### WHAT YOU SHOULD DO
Find the line with "Súprava obsahuje 8" in the records below. Output exactly from there until after the line with "especially from cyclists", without pictures.

### RECORDS TO USE
------------------------------
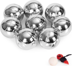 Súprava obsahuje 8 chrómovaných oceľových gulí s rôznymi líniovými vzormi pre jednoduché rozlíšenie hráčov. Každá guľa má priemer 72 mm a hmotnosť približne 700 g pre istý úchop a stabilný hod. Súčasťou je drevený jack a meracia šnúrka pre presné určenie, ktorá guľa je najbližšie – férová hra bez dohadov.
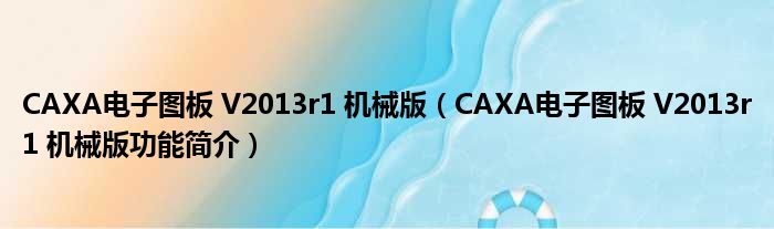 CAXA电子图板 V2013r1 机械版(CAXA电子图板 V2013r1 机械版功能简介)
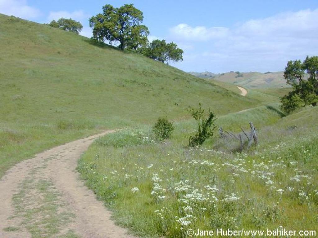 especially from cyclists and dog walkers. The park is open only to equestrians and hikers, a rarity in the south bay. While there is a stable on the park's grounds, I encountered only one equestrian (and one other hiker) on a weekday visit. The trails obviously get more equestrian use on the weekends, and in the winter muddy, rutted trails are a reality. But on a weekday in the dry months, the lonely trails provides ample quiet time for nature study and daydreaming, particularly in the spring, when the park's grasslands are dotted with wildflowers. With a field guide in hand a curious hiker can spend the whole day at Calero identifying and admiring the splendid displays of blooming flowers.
------------------------------
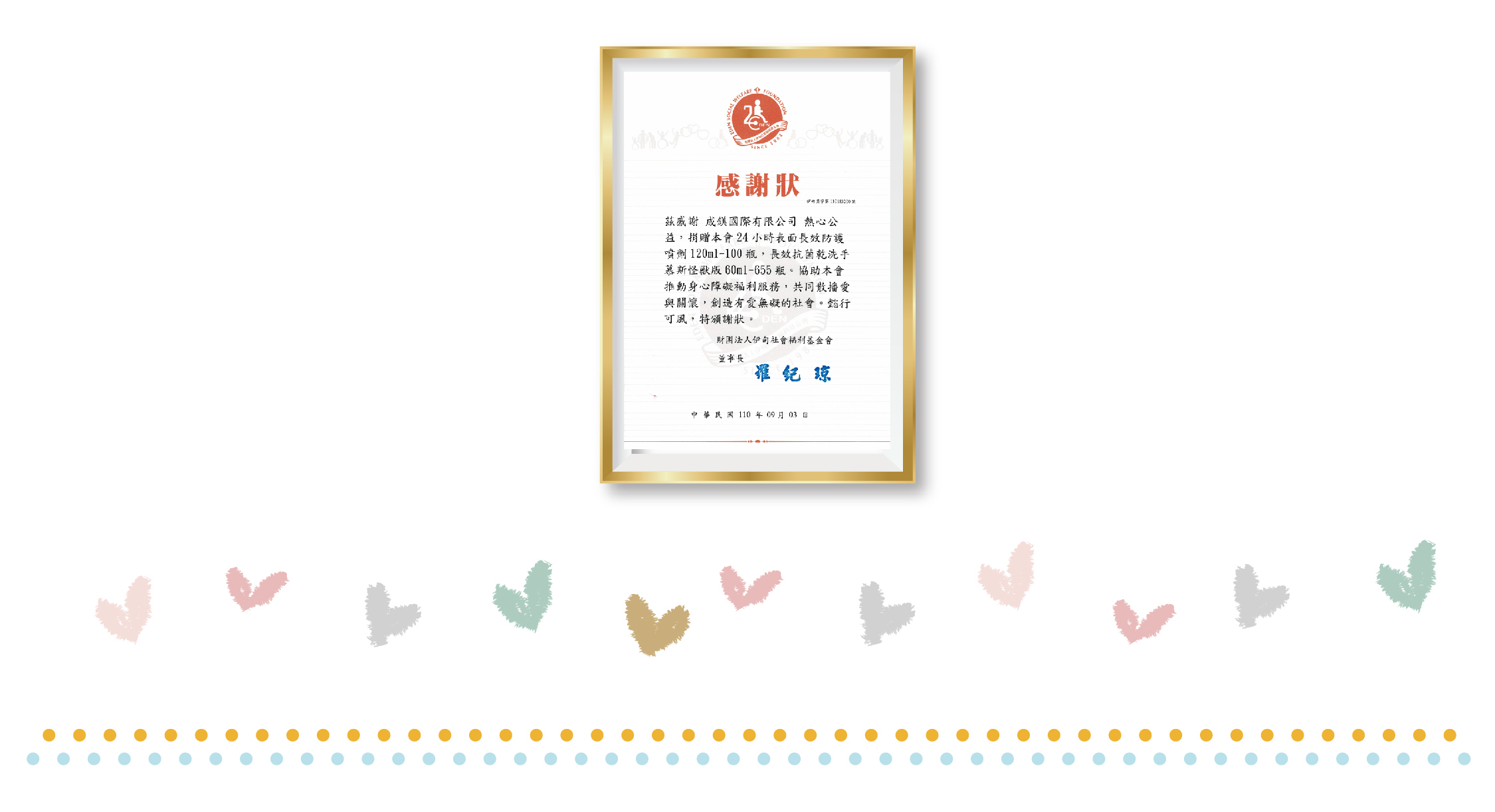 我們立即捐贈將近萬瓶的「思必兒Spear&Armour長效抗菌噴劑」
------------------------------
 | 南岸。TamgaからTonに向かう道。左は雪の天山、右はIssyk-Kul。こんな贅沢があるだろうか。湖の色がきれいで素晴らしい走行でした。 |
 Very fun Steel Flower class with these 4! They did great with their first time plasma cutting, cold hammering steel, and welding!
------------------------------
### COMPLETED TASK
 Súprava obsahuje 8 chrómovaných oceľových gulí s rôznymi líniovými vzormi pre jednoduché rozlíšenie hráčov. Každá guľa má priemer 72 mm a hmotnosť približne 700 g pre istý úchop a stabilný hod. Súčasťou je drevený jack a meracia šnúrka pre presné určenie, ktorá guľa je najbližšie – férová hra bez dohadov.
 CAXA电子图板 V2013r1 机械版(CAXA电子图板 V2013r1 机械版功能简介)
 especially from cyclists and dog walkers. The park is open only to equestrians and hikers, a rarity in the south bay. While there is a stable on the park's grounds, I encountered only one equestrian (and one other hiker) on a weekday visit. The trails obviously get more equestrian use on the weekends, and in the winter muddy, rutted trails are a reality. But on a weekday in the dry months, the lonely trails provides ample quiet time for nature study and daydreaming, particularly in the spring, when the park's grasslands are dotted with wildflowers. With a field guide in hand a curious hiker can spend the whole day at Calero identifying and admiring the splendid displays of blooming flowers.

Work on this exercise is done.